● **What is needed**
Please reproduce the lines of the records below from the one holding "Описание слайда:Группа №" through the one holding "在位于宁德福安市的青拓重工生", inclusive, skipping all pictures.
*** Opening of Input for this task ***
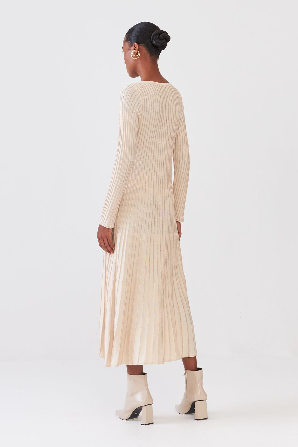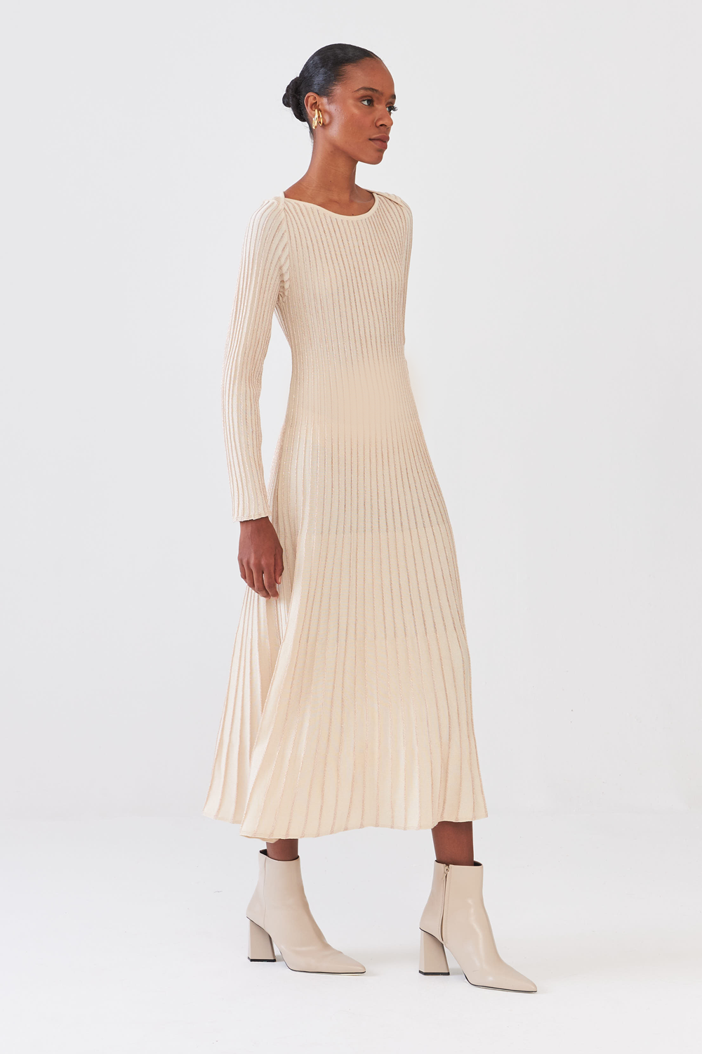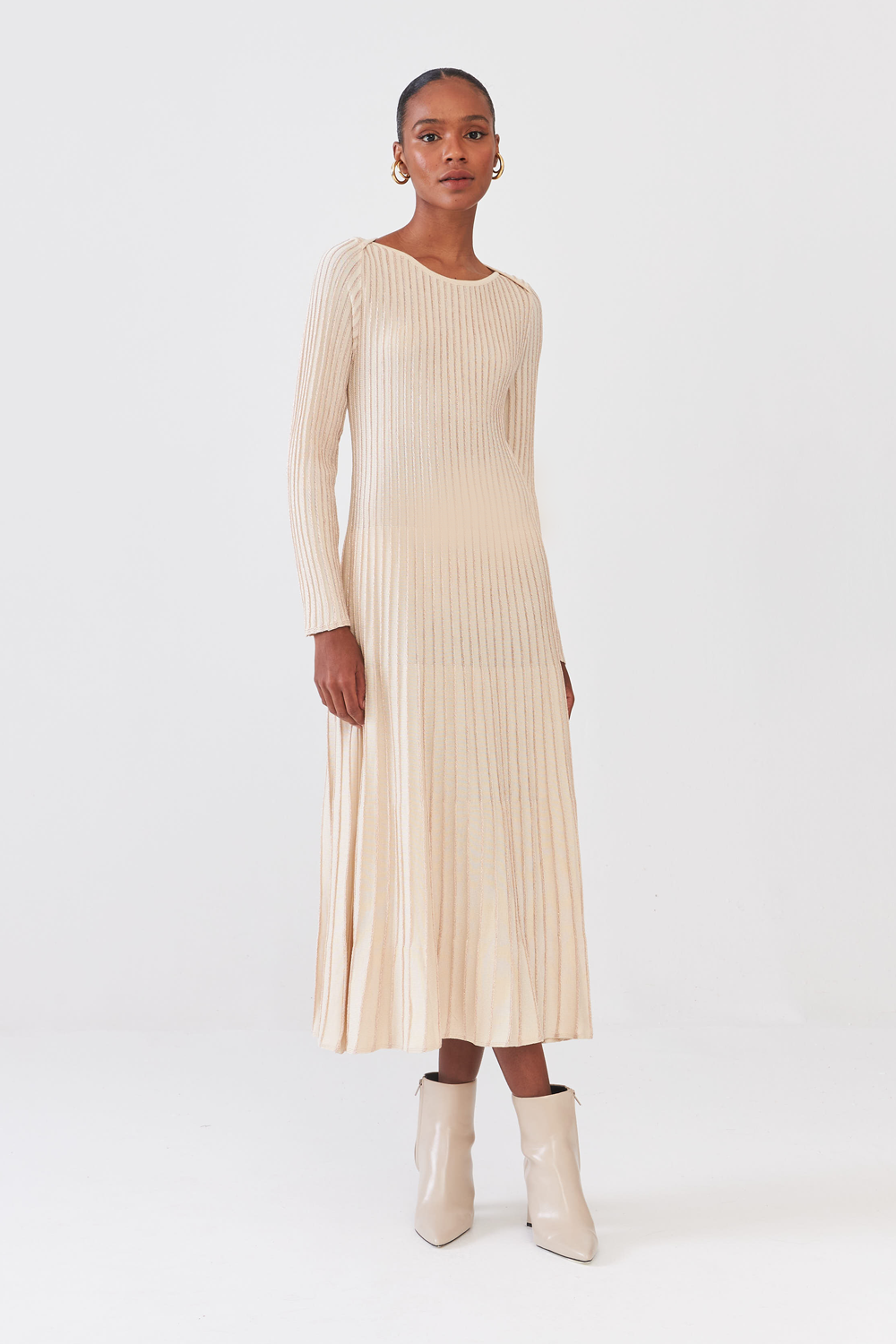 Vestido Midi Em Tricot Nervurado
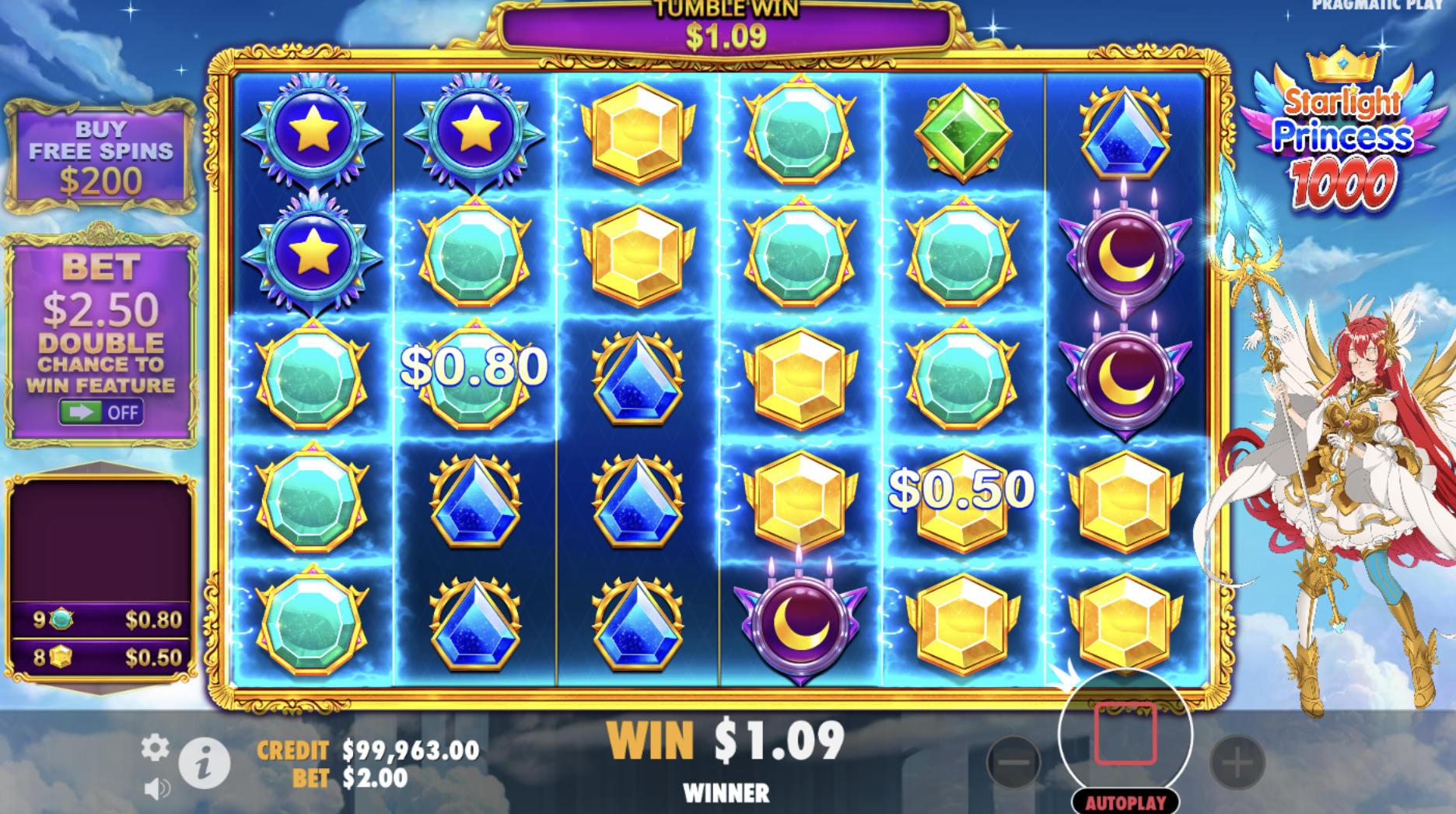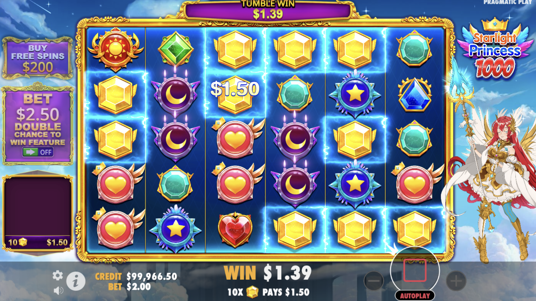 Οι παίκτες που αναζητούν μεγάλες νίκες θα λατρέψουν το Starlight Princess 1000, καθώς προσφέρει μέγιστο κέρδος 15,000x το ποντάρισμά σας. Ο κουλοχέρης έχει υψηλή μεταβλητότητα και ένα ανταγωνιστικό RTP 96.5%. Αυτό σημαίνει ότι οι νίκες μπορεί να μην είναι συχνές, αλλά όταν συμβαίνουν, μπορεί να είναι μεγάλες, κάνοντας το παιχνίδι συναρπαστικό σαν ένα τζακπότ.
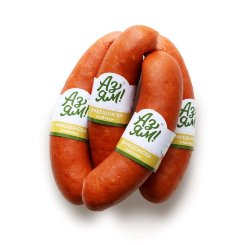 Съставки: свинско месо, сланина, вода, модифицирано картофено нишесте, сол; стабилизатор: дифосфат; екстракти от подправки (черен пипер, чесън, ЦЕЛИНА); овкусител: мононатриев глутамат; растителен бульон (подправки, сол, рапично олио), подправки; антиоксиданти: натриев ериторбат, натриев цитрат, аромат на пушек, ароматизанти, лук, зеленчукови фибри; регулатор на киселинността: натриев ацетат; МЛЕЧЕН ПРОТЕИН - 0.4%, червен пипер, чесън; консервант: натриев нитрит; декстроза; оцветител: кармин.
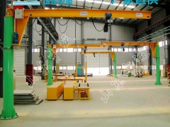 移动式悬臂吊更具灵活机动、适应性广等特点,是高效自动生产线上必备的单独应急吊装设备,有了它能确保生产线畅通无阻。
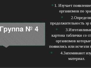Описание слайда:Группа № 4 1. Изучает появление живых организмов по эрам. 2.Определяет продолжительность эр в годах. 3.Изготавливают из картона таблички со списком организмов которые появились или исчезли по эрам. 4.Запоминают изученный материал.
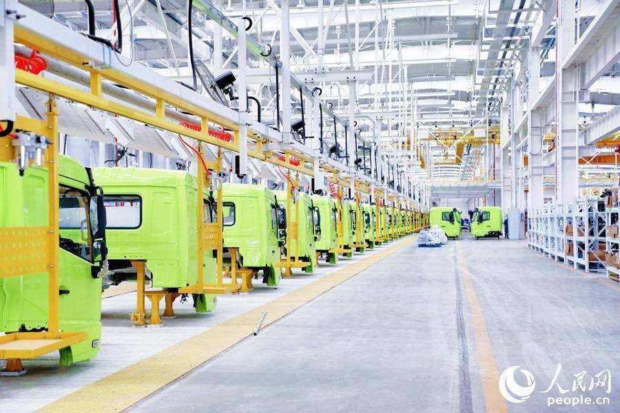 在位于宁德福安市的青拓重工生产车间内,新能源纯电动矿用运输车头依次排列在生产线上。人民网 李唯一摄
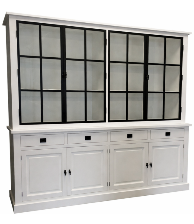 Buffetkast Soest wit met stalen deuren 250cm breed in de kleur wit gespoten en de binnenkant in het wit is een grote buffetkast met stalen deuren gemaakt van massief Grenenhout met een dichte onderkast met draaideuren en laden met authentieke invallende handgrepen en in de bovenkast stalen draaideuren met glas. Deze mooie buffetkast wit met stalen deuren biedt heel veel opbergruimte voor spullen die je graag uit het zicht hebt in de onderkast en in het glazen gedeelte van de buffetkast kan je je persoonlijke spullen etaleren en de laden hebben de luxe soft close sluiting. Deze mooie sfeervolle witte buffetkast Soest met stalen deuren heeft een landelijke uitstraling en past zowel in de woonkamer als ook in de keuken. Je kunt de buffetkast Soest tevens bestellen in alle RAL kleuren en in de RAL kleur 9010 is deze kast direct leverbaar. Deze Buffetkast is daarmee uniek en speciaal en kun je aan je wensen aan passen! Je kiest de kleur die het beste bij je interieur past. Je kunt zelfs de buitenkant en binnenkant van deze kast in verschillende kleuren laten uitvoeren
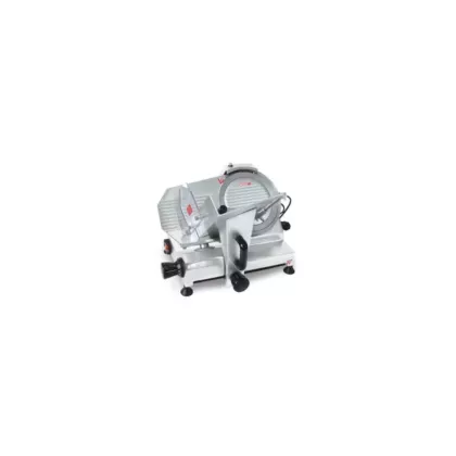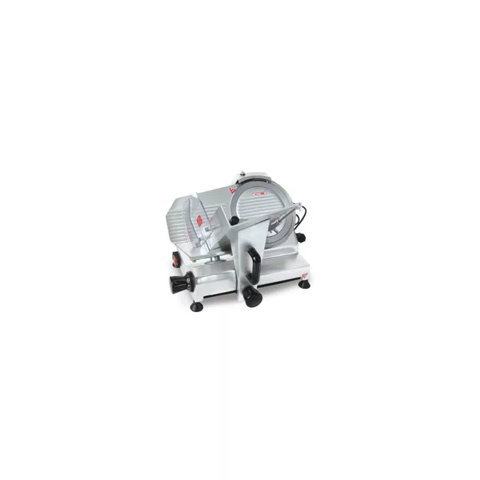 This slicer have anodized aluminum alloy bodies. The high carbon steel blades are hard chromed, with a hollow ground taper for extended sharpening and blade life. This economy belt driven machines offer exceptional cutting consistency and durability. The carriage moves smoothly on ball bearings allowing effortless cutting of deli meats and vegetables. Easy to disassemble for quick cleaning. Perfect for low volume operations. Made in China.
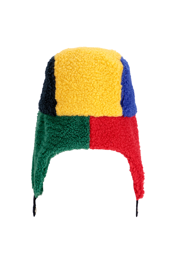 Introducing the Colorful Logo Cap from the exclusive collection of renowned children's fashion brand, Bobo Choses. This cap boasts a classic baseball shape with an added protective ear cover that can be fastened under the chin, ensuring warmth and comfort during chilly days. Crafted from a luxurious faux fur-like fabric, this winter cap is not only stylish but also offers exceptional insulation. The brim, made from a ribbed texture material, adds a touch of sophistication, while the multicolor design featuring blocks of yellow, red, green, blue, and navy ensures your child stands out in any crowd. Adorning the front is a white patch bearing the distinctive BOBO CHOSES logo, a mark of quality and prestige. The adjustable chin strap ensures a snug fit, providing superior protection against the cold. Why Choose This Product? Exclusive Design: Unique multicolor block pattern with a ribbed brim. Premium Materials: Made from soft, warm faux fur-like polyester. Functional and Stylish: Classic baseball cap shape with protective ear covers. Brand Recognition: Features the iconic BOBO CHOSES logo. Adjustable Fit: Chin strap for a secure and comfortable fit.
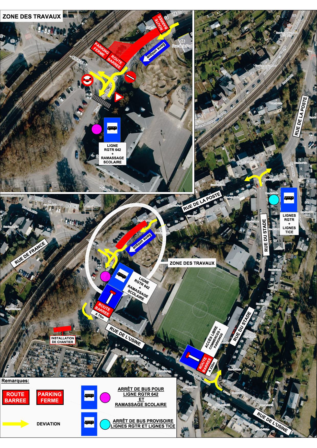 Tëscht der Rue des Alliés an der Maison sociale (Nr. 14, Rue de la Poste) gëtt eng Fuerspuer gespaart an dësen Tronçon als Sens-unique gereegelt. De Busarrêt Postschoul a Richtung Déifferdeng gëtt ausschliisslech vun der RGTR-Linn 642 souwéi dem Schoultransport ugefuer; ee provisoreschen Arrêt fir déi aner RGTR- an TICE-Linnen ass an der Rue du Stade virgesinn.
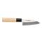 Couteau de formes japonaises équipé d'une lame inox et d'un manche en bois naturel.
*** Close of Input for this task ***
● **Output for this task**
Описание слайда:Группа № 4 1. Изучает появление живых организмов по эрам. 2.Определяет продолжительность эр в годах. 3.Изготавливают из картона таблички со списком организмов которые появились или исчезли по эрам. 4.Запоминают изученный материал.
 在位于宁德福安市的青拓重工生产车间内,新能源纯电动矿用运输车头依次排列在生产线上。人民网 李唯一摄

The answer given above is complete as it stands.